Problem to solve: Go through the data below line by line. Give only the number of lines that contain "Here".

Task inputs:
/---

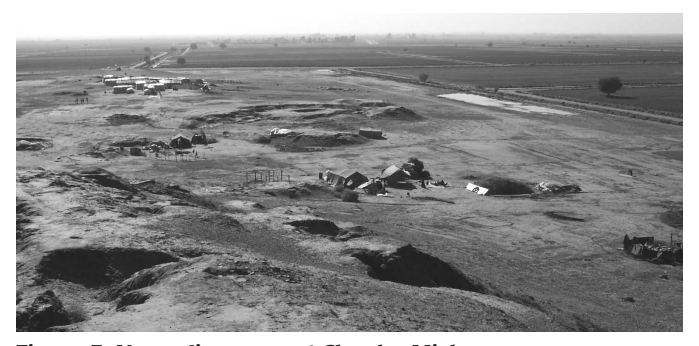
Figure 5. Nomadic camps at Chogha Mish

weaknesses of foreign expeditions, a set of realistic regulations within which such close cooperation can be achieved, and an appreciation for the timetable of the foreign expeditions. In addition, the structure of the type of joint projects conceived by the ICHTO required a substantial number of experienced Iranian archaeologists who could effectively participate in such projects. This has created a major problem in the realization of the ICHTO plan because only a few such archaeologists are still active in Iran. Most of these experienced archaeologists are not even willing to participate in a joint project because they have their own independent field research. That leaves the few experienced and competent young archaeologists who can jointly run an excavation. But because of this shortage most are over-extended; in a single year some may be dispatched to two and even three expeditions in different regions with different sets of archaeological questions. This shortage of qualified and willing archaeologists in Iran actually defeats the entire purpose because almost none of the "joint" Iranian directors actually have enough time to do research.
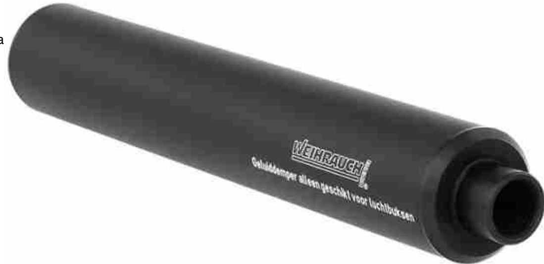
The originally for the HW100 developed silencer – fits 1/2 UNF

https://www.waffen-schlottmann.de/1168812_Schalldaempfer-der-Marke-Weihrauch-fuer-Luftgewehr-mit-Innengewinde-0-5-Zoll-UNF.htm
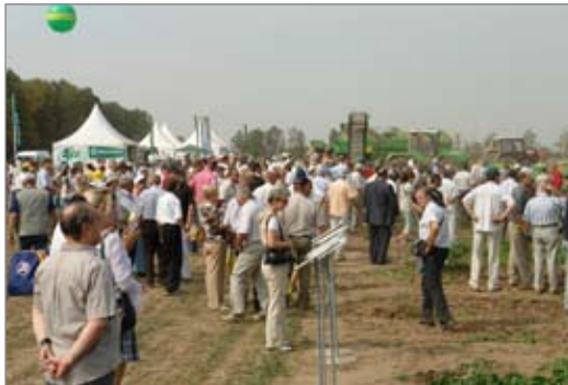
Demonstration fields at Korenevo
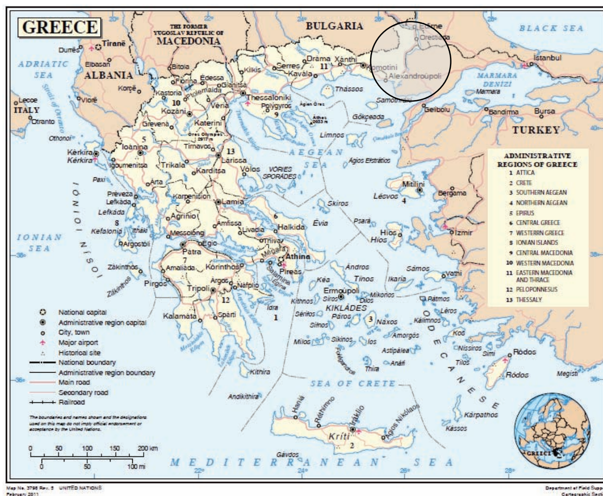
Figure 1: Map of Greece and Evros prefecture
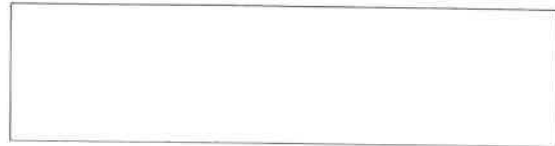
Issuing Official Signature

\$25.25 \times 4 = \$101.00 Provide names of contractors who are doing electrical, HVAC + plumbing. They must be registered with City of Napoleon.
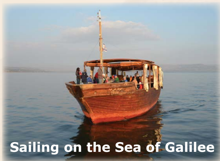
Sailing on the Sea of Galilee

After breakfast, we begin our tour of the Holy Land. We start with a visit to Joppa, Jonah's port of embarkation for Tarshish. Joppa was also the home of Tabitha (or Dorcas) who was raised from the dead by Peter. It was also here that Peter learned that God was interested in the salvation of the Gentiles. We will then travel up the coast to Caesarea by the sea. There we will visit the Crusaders' castle, the Roman amphitheater, the seaport from which the Apostle Paul sailed to Rome, and the Roman aqueduct system. We continue along the coast to Mount Carmel to see the site of Elijah's triumph over the prophets of Baal. After lunch we will travel to Nazareth, the boyhood home of Jesus, to visit the oldest of the churches of the annunciation and Mary's well. Here we will also visit The Precipice, where they wanted to throw Jesus off the "brow" and kill Him. The Precipice also gives a great view of the "Valley of Armageddon." On our way to Tiberias we will stop in the little town of Cana where Christ turned the water into wine. We will hold a short ceremony in an ancient church for the couples who wish to renew their marriage vows. Then we'll proceed to our hotel in Tiberias on the Sea of Galilee for dinner and overnight. (B/L/D)
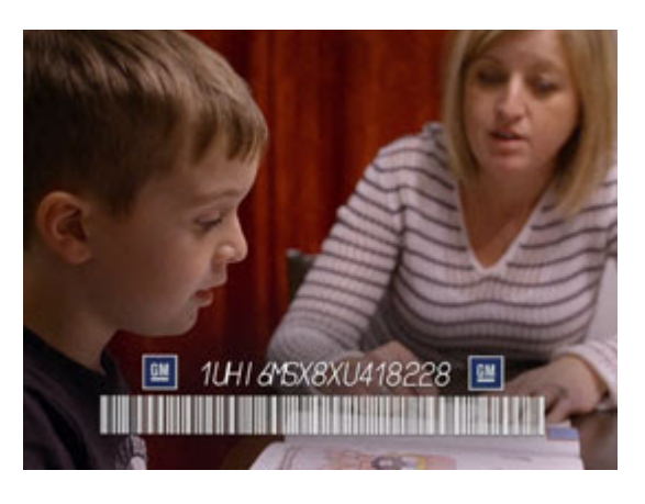
GM thinks it can rob Canada of jobs without repercussions, but more and more Canadians are on board to #BoycottMexicoGM.
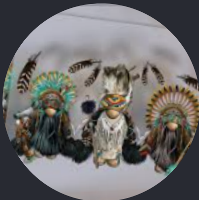
Direct to Film Printing
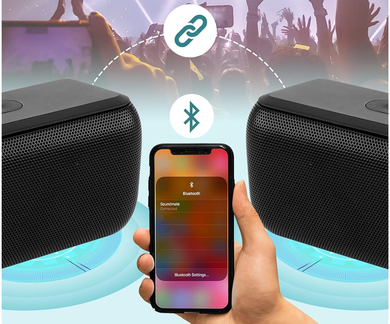
Figure 4: TWS connection setup for enhanced stereo sound.

Connect 2 speaker for 20W double-louder stereo sound
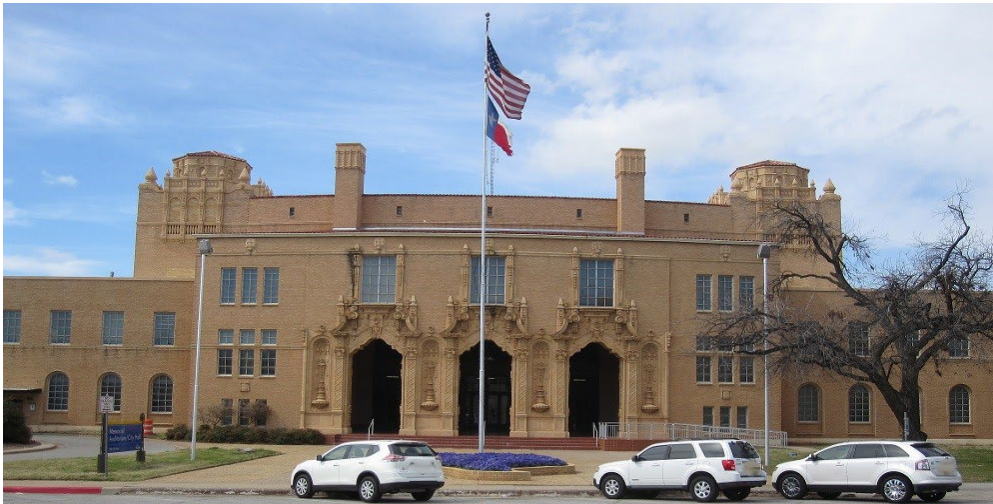
Wichita Falls, TX City Offices and Memorial Auditorium
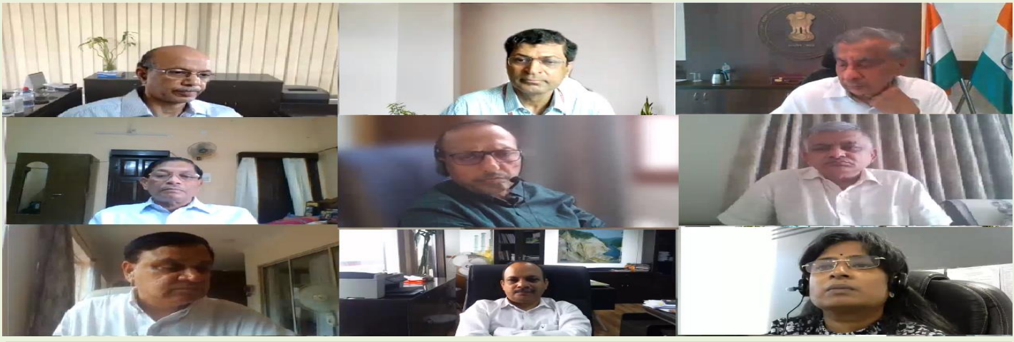
22<sup>nd</sup> Annual General Body Meeting of FOIR on 18<sup>th</sup> June, 2021 at 11:45 AM onwards

• For Minutes of 48<sup>th</sup> Governing Body Meeting (GBM) of FOIR Click Here
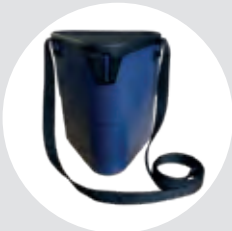
SR 230 Storage Box for half mask ART NO H09-3012
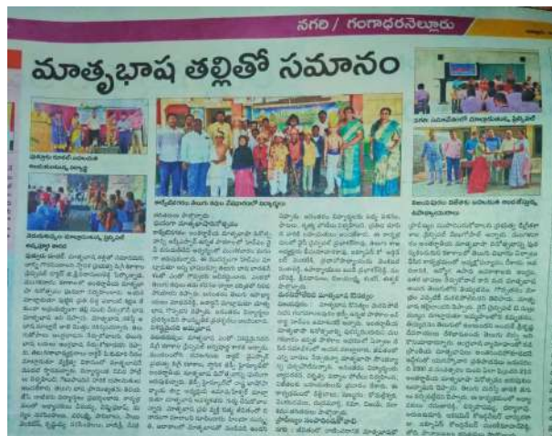
Fig: Newspaper clipping of the program.

\---

Response to the exercise: 2